Ever since Jordan Peele got out, the spooky flavor du jour is “socially aware slow-burn.” That’s my second favorite Nyquil. It’s also not the standard all horror movies should be held to. “Barbarian” is not “Get Out” any more than “The Untouchables” was “The Godfather” or “The Batman” is “Seven.” Doing a goofier, more simplistic riff on highfalutin things can still be a real good time, and “Barbarian” is a real good time. Not that anyone in the movie has a real good time, just to be clear. Writer/director Zach Cregger’s debut feature-length film is an hour and 37 minutes of tension above jump scares, of flourishes without sacrificing style for substance, of gross-icky-very-bad things that play out gross, icky, and very bad. Unfortunately, it’s also an hour and 42 minutes long…
Never trust any reviewer that avoids penning a detailed synopsis under the guise “the less you know going in, the better.” Still, when it comes to “Barbarian,” the less you know going in, the better! This isn’t because the twists are brain-busting shockers so much as because doing so puts you in the same state of mind as Tess (Georgina Campbell), who is about to embark on a zero-star travel experience. She winds up double-booked in an Airbnb with the clown from “It” (Bill Skarsgård). Presumably furious she got the slightly-less-abbed Skarsgård, Tess reluctantly agrees to spend the night there anyway. This is mostly because she’s found herself in a part of Detroit locals probably call “Nuh Uh.”
Creggers depiction of Detroit is…unkind. Unlike the way in which both the original and remake of “Candyman” thoughtfully wove issues about inner city Chicago into their narratives, “Barbarian” rolls with “Detroit is bad now.” It does politely mention Motown-adjacent stuff and lightly poke at something about artists resurrecting the place. But mostly it’s just ugly, post-suburban nightmare fuel. Anyway, Tess checks out the basement of her rental house in the dilapidated neighborhood and finds the aforementioned gross, icky, very bad stuff.
The last 5 minutes play out like Creggers got very sick of having to rewrite the ending and just said “Here, you do it” to a rando dude on a Nyquil bender.

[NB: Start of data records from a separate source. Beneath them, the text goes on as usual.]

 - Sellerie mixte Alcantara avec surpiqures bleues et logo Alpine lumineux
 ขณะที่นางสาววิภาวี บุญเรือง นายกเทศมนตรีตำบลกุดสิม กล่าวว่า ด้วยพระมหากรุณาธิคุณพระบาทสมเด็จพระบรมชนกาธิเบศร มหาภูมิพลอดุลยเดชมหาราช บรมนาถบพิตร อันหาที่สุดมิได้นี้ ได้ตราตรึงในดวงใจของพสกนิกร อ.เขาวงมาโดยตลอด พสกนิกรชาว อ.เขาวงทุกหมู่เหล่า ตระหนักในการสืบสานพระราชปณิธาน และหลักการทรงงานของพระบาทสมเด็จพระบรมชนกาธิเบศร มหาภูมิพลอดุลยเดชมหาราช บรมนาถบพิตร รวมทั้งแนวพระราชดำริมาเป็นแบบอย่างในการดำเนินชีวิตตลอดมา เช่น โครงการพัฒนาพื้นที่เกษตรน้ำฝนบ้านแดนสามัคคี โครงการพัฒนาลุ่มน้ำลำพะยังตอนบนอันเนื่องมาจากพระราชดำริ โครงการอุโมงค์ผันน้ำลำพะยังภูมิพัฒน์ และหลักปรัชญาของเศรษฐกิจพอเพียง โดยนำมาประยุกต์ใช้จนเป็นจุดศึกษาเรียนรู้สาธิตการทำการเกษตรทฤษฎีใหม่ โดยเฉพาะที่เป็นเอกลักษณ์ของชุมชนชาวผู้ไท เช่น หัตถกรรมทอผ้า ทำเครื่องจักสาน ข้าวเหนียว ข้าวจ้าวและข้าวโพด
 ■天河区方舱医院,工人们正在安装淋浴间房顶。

Somehow, shockingly, this doesn’t ruin everything? It’s more like watching a gymnast snap an ankle trying to stick a dismount after a glorious routine. It’s hard to watch but you feel an odd sympathy more than anger. Because what came before is a fabulously grody, gnarly thriller that falls back on the old-standby of horror genre morals:
“That ain’t the real monster. That is the real monster.” – Mary Shelley
“Barbarian” has a singularly fantastic score by Anna Drubich, which sounds like an eldritch tentacle jamming on a synthesizer. It has cinematography by Zach Kuperstein that is almost perpetually poorly lit but somehow always still clearly decipherable. It uses Justin Long arguably the best since he was a smarmy Macintosh computer. It is a very specific kind of slimy horror and an absolute treasure for those who enjoy being coated in that film.
Grade = A-
Other Critical Voices to Consider
Kofi Outlaw at ComicBook.com says “Cregger constructed his descent into the demented and macabre with a horror connoisseur’s confidence in measuring how each moment will play to the crowd.”
Montilee Stormer at Movie Reelist says “Ruin porn fans will delight in the movie’s setting, Brightmoor Neighborhood, notorious for its lack of residents and overabundance of burned-out shells and naked decay. It’s interesting to note, however, that while Barbarian is set in Detroit and some scenes were filmed in the city, the neighborhood is a fabrication in Bulgaria.”
Rachel Leishman from The Mary Sue says “So often, that fear of existing alone is rooted in the horror stories of what happened to a woman by herself, and ‘Barbarian’highlights that in multiple ways that I hope leaves audiences with a sense of pause as they leave the theater.